Activity
From the line containing "Женские пижамные брюки" to the line containing "WATCH: [1] Man's" in the entries below, reproduce every line exactly, ends included. Nothing else belongs in the copy, and no pictures.

Records
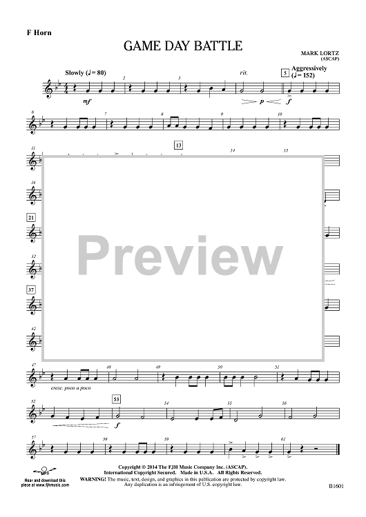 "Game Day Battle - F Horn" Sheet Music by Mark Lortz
---
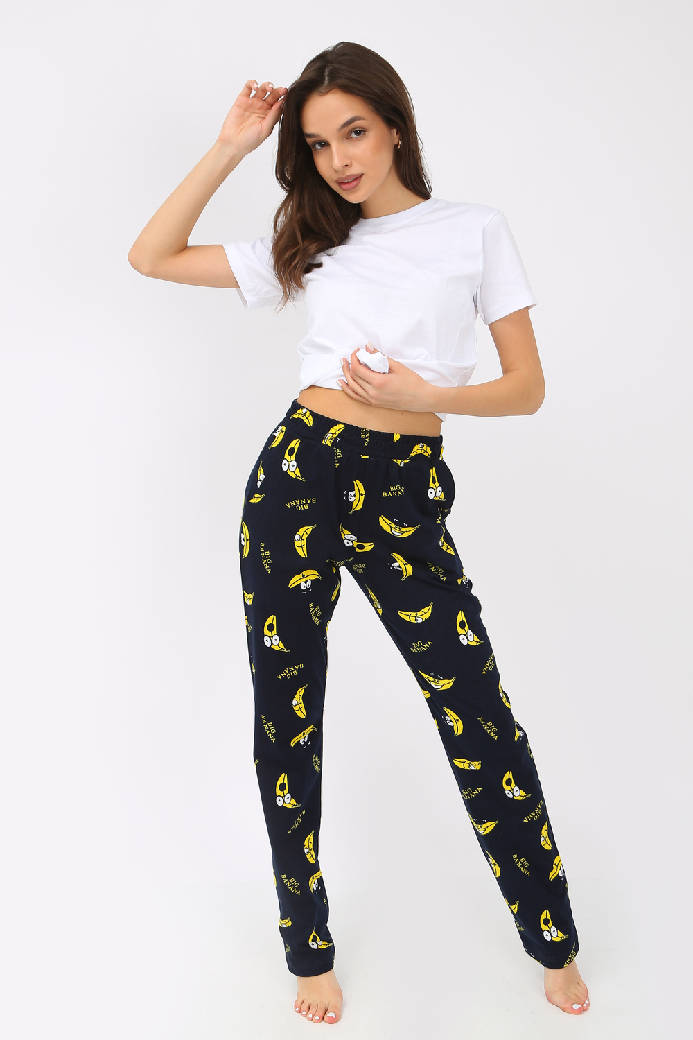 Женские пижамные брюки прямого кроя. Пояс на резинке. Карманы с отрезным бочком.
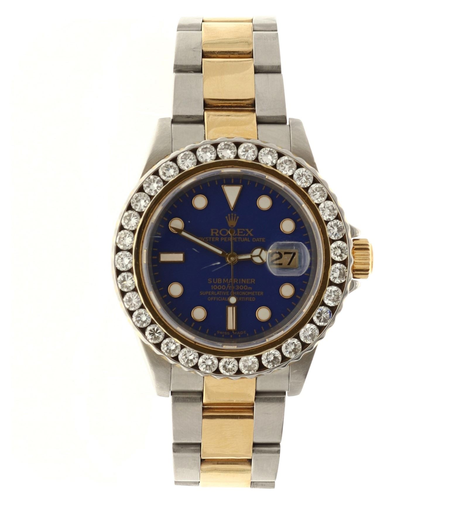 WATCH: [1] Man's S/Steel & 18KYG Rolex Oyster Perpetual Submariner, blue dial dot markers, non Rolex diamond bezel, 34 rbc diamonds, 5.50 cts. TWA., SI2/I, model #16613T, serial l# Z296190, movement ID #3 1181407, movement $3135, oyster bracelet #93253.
--
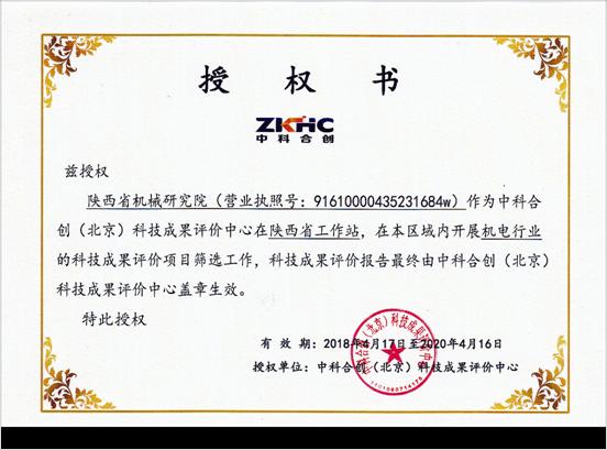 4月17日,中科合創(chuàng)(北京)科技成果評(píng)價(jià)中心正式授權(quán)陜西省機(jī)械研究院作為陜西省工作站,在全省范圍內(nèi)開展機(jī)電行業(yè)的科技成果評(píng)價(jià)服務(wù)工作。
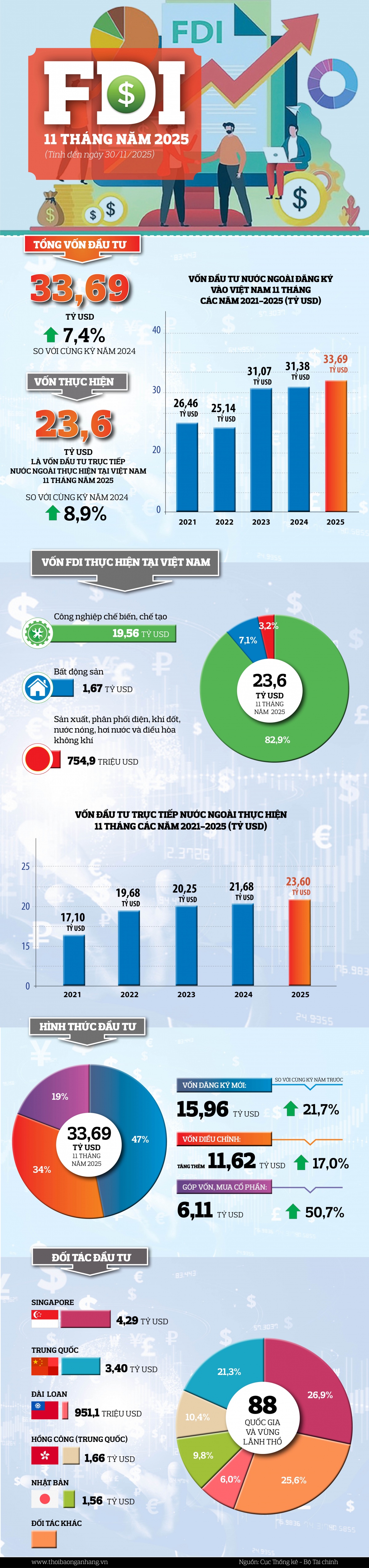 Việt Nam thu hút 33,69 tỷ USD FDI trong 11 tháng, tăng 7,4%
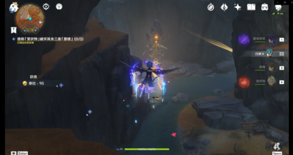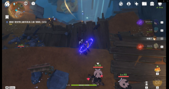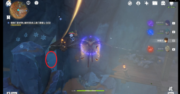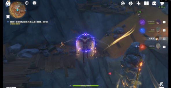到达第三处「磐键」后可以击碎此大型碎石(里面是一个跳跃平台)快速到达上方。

Solution to the exercise
 Женские пижамные брюки прямого кроя. Пояс на резинке. Карманы с отрезным бочком.
 WATCH: [1] Man's S/Steel & 18KYG Rolex Oyster Perpetual Submariner, blue dial dot markers, non Rolex diamond bezel, 34 rbc diamonds, 5.50 cts. TWA., SI2/I, model #16613T, serial l# Z296190, movement ID #3 1181407, movement $3135, oyster bracelet #93253.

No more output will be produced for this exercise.